A study by the Fair Wear Foundation, a non-profit lobby group, found that some workers were receiving less than the new minimum, nearly a quarter were reassigned to lower pay grades and bonuses were reduced.
Many factory workers live in the squalid back streets of the capital. Among them is Minara, who declined to give her full name. She is one of more than 3.5 million women who work in the apparel industry.
Home for her is a single windowless room she shares with her husband and a 15-year-old daughter. The girl, like her mother, is a helper in a factory measuring collar sizes and arranging bundles of cloth. Together, even with overtime, Minara and her daughter barely earn more than $90 a month, half of which pays for rent.
Standing in her doorway and looking out at a toilet and kitchen area that she shares with neighbours, Minara says that the price of a shirt in Europe or the United States is about what she earns in a month. "But if the government took the situation seriously, and gave orders to the owners, then it would all work better," she said.
The government has helped keep a cork on labour activism. In 2010, in the midst of the labour violence that year, it set up a 2,990-strong Industrial Police force to collect intelligence and prevent unrest in factory zones.
"If any unions demonstrate or raise their voice, the industrial police will come and tell them to stop protesting," said Akhter, the labour activist. "If they don't stop, they are attacked and beaten with sticks."
The government denies that unions are suppressed. It says many activists are politically motivated and, backed by non-governmental organizations in the West, deliberately stir up social unrest.
"We support the unions and want them to play a greater role," said H.T. Imam, a cabinet member and adviser to the prime minister, told Reuters. "We are quite pro-labour."
Azim, the factory owner and lone independent member of parliament, said garment business leaders are "socially connected," but he denied reports they grease the wheels through donations to the main political parties.
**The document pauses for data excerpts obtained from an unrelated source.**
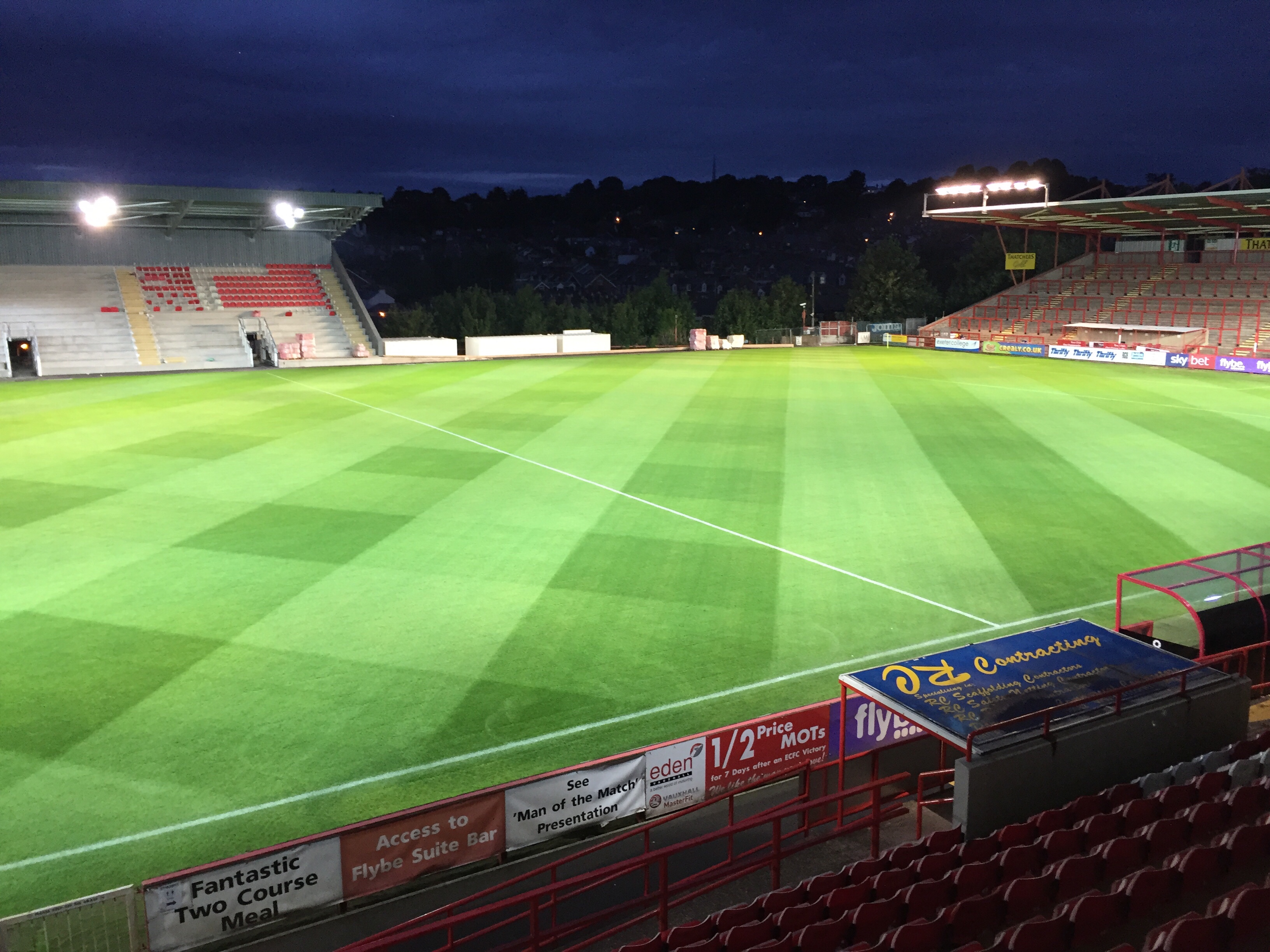 Just completed the installation of the lights back onto the new stand. Angled to perfection thus giving a lux level of 650lx. Well pleased with the outcome. Uniformity is very good. Only draw back had to do the lux level test, recording 88 points at 21.00pm and took a couple of hours. Late night but come away happy. Another great installation by Sports Lighting.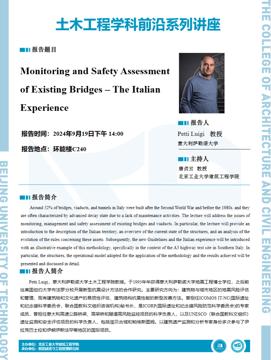 【建工 | 学术报告】土木工程学科前沿系列讲座——Monitoring and Safety Assessment of Existing Bridges — The Italian Experience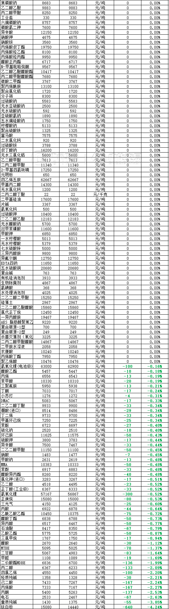6月5日热门化工原料全国区域报价总表!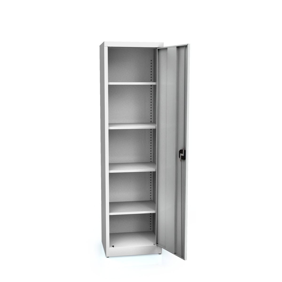 Den Kabinet af metalplader med én dør og målene 1800x490x400 mm (HxBxD) er den ideelle løsning for alle, der er på udkig efter en robust og funktionel opbevaringsmulighed. Den svejsede konstruktion sikrer stabilitet og holdbarhed, mens den 80 mm høje sokkel giver skabet en behagelig arbejdshøjde.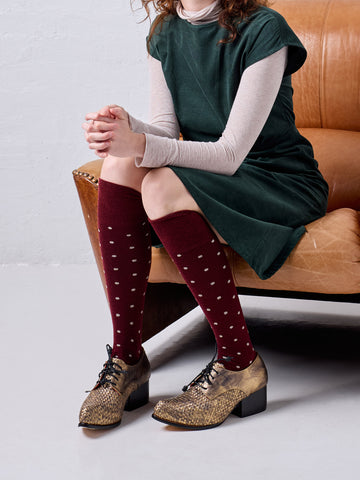 Dotty Long Socks Burgundy

Said one industry official in defence of the owners who are members of parliament: "It's true that many of these people are really big and hold enough power to lobby the government, but I haven't seen them put up one bill or discussion (about the industry) in parliament."
The apparel industry body, the BGMEA, is routinely criticised in the media for protecting its members when accidents happen at factories. Human-rights groups say there has never been a case in which a factory owner was prosecuted over the deaths of workers.
The BGMEA said it discussed safety issues this week with representatives of more than 40 brands, including H&M, JC Penney, Gap Inc, Inditex, Levi's, Marks & Spencer, Tesco, Target, Nike Inc, and Primark. The group said in a statement on Thursday the buyers set up a committee "to look at all safety-related issues of apparel units, including their building structure."
In November, scores died in a garment-factory fire, many of them because supervisors ordered workers back to their stations even as an alarm rang and smoke rose through an internal staircase.
The owner of the plant was absolved of blame in the BGMEA's report on the incident. The government said it suspected the fire was an act of sabotage - though that was never proved. Calls for the factory owner to go on trial went unheeded.